Rape: A Carefully Scripted Storyline

Elsie Tape
Gendered Violence
Published in
4 min readMar 28, 2018

Insight on how to deter and define rape.

Complicated cases often occur between two people who know each other well.

Rape culture today is perpetuated through victim blaming, slut-shaming, and misogynistic behaviors. All of which conclusively discredit women as rape victims, and place them under a negative light. This unlawful sexual advance has always been deeply rooted on the sexual objectification and degradation of women. Consequently, all rape cases share a common structure and underlying factors. However, the way in which rape takes place, and its arrangement of relations between the victim and assailant is very complex. The way in which an attacker goes about his victim varies from case to case, making it difficult to define rape.

For example, in many rape cases, women are forced to take a passive-aggressive position. Because it is hard for women to physically defend themselves against men, they physically take a submissive stand point. Women assume that it is safer to comply with the command of their attacker, rather than fight him off. This decision is made out of fear that the situation will escalate negatively, or that he will use violence against her for more control, making the situation more violent and or painful.

Showing compliance to one’s attacker brings a great deal of emotional toll on victims. However, as a woman, it takes mental strength to simply accept or yield to a superior force and allow them to have their way with you. This same mental strength however, can be used to deter an assailant before casual circumstances intensify into more suggestive scenarios which in turn lead to lewd unwanted advances against victims. However, many victims are docile as a result of overexposure to rape. These women are desensitized to rape and view it as something that is bound to happen between a man and a women. Mary E. Hawkesworth describes this manner of thinking when she pinpoints the belief that women are always in one of two positions: already raped or already rapable. Unfortunately, many women share this belief. What they fail to realize is that being able to identify the actions that lead to rape and then being able to stop these actions and completely deter an attacker makes that much of a difference.

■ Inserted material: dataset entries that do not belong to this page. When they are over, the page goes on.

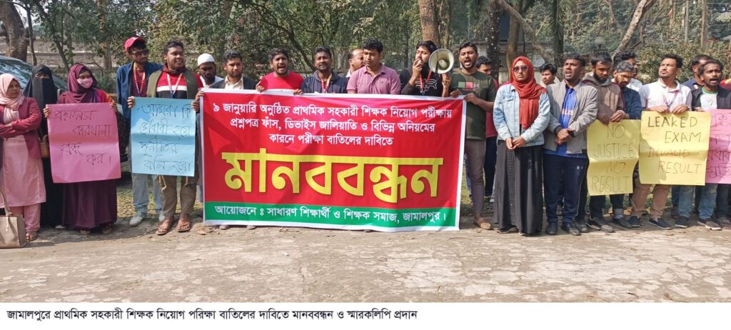 জামালপুরে প্রাথমিক সহকারী শিক্ষক নিয়োগ পরিক্ষা বাতিলের দাবিতে মানববন্ধন ও স্মারকলিপি প্রদান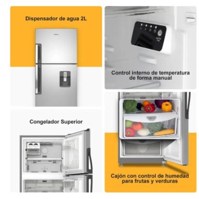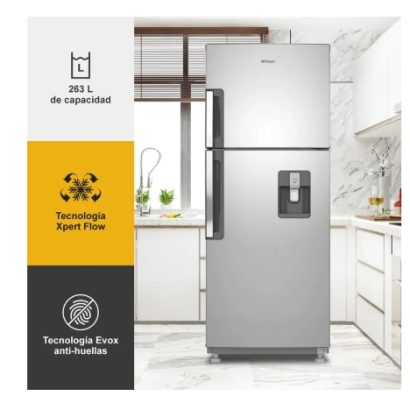 Nevera WHIRLPOOL No Frost Congelador Superior 263 Litros WRW25CKTWW Gris
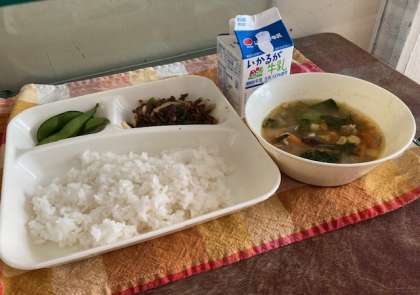 献立は、チンジャオニューロウスー、中華みそスープ、えだまめ、ご飯、牛乳です。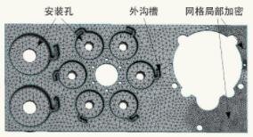 对底板进行冲压件的改进设计,发条弹簧安装孔进行压延拉伸处理,使得安装孔的强度得到加强。安装发条弹簧的外沟槽采用盲槽结构,以加强这部分区域的强度。安装电机的外围采用通孔结构,与电机的外围形状相配合,由于该局部尺寸较小,均为薄壁件,为提高其仿真计算结果的精度,对其进行了局部加密,改进后的仿真模型如图2 所示。

As a woman, it is important to be able to tell when a man is laying out a platform that favors his desires while going against yours. This way, you can easily remove yourself from the situation as whole. Eliminating the issue of “miscommunication.” Oftentimes, especially when there is lack of consent, or the “absence of a no,” attackers assume that they can have their way with victims. They use suggestive strategies as ways to get permission without explicitly getting sexual approval, slowly roping in their victims and constructing a platform where rape is feasible. And, because rape isn’t planned, and women don’t become victims until the moment they engage in sexual intercourse by force, assailant’s unlawful sexual advances are facilitated in this manner, as Sharon Marcus suggests in “Fighting Bodies, Fighting Words: A Theory and Politics and Rape Prevention.“

Time and time again, men assume that a “lack of” any confirmation is a “permission” to continue using this as a reason or justification for their sexual advances. What starts off as casual and friendly to a woman can be perceived as suggestive and welcoming to a man. Because of this visual and social disconnect as well as the lack of consent, it is easy for miscommunication to occur. However, for some reason this miscommunication is always in favor of the male and disadvantages the woman. This is ultimately because all gestures attackers make towards potential victims has an underlying preconception that follows or corresponds. Although that may not be clear to the victim, it is undoubtedly scripted in the assailant’s head, as if he has the power to dictate what a woman’s actions mean.

The judicial system does not always serve complete justice for victims of rape. The system is only so effective for rape cases that are complicated and slowly carried out. Not all cases are violent and abrupt, with clear-cut elements of unlawful sexual advances. There are cases where victims are or happen to be unconscious, coerced, deluded, and so on. In addition to these varying states of mind, the lack of proper communication is also what makes these cases so unclear. But what is so unclear about the absence of a yes? The power dynamic associated with men or masculinity must be dismantled so that there is room for women to stand up for themselves. Women are only granted a sense of power after having been raped, once the case is taken to court. Marcus touches on this affair by pinpointing that it is assumed that men are granted the power to rape and that only the best of them are dissuaded not to, as if the matter itself isn’t wrong and isn’t for the woman to decide upon. Their interactions are scripted, she says, as if rape is supposed to be a trick or catch for women. A scheme the man creates to sway women against their own interests. Marcus asserts that an assailant’s tactics will fail if the victim fails to follow her expected course of actions. In such a stratagem rape becomes a process of sexist gendering as Marcus defines it. Because the system is so effective and men are only so noble, women cannot rely on neither to come to their senses and save them. Victims must strategize just as much as their attackers, if not more.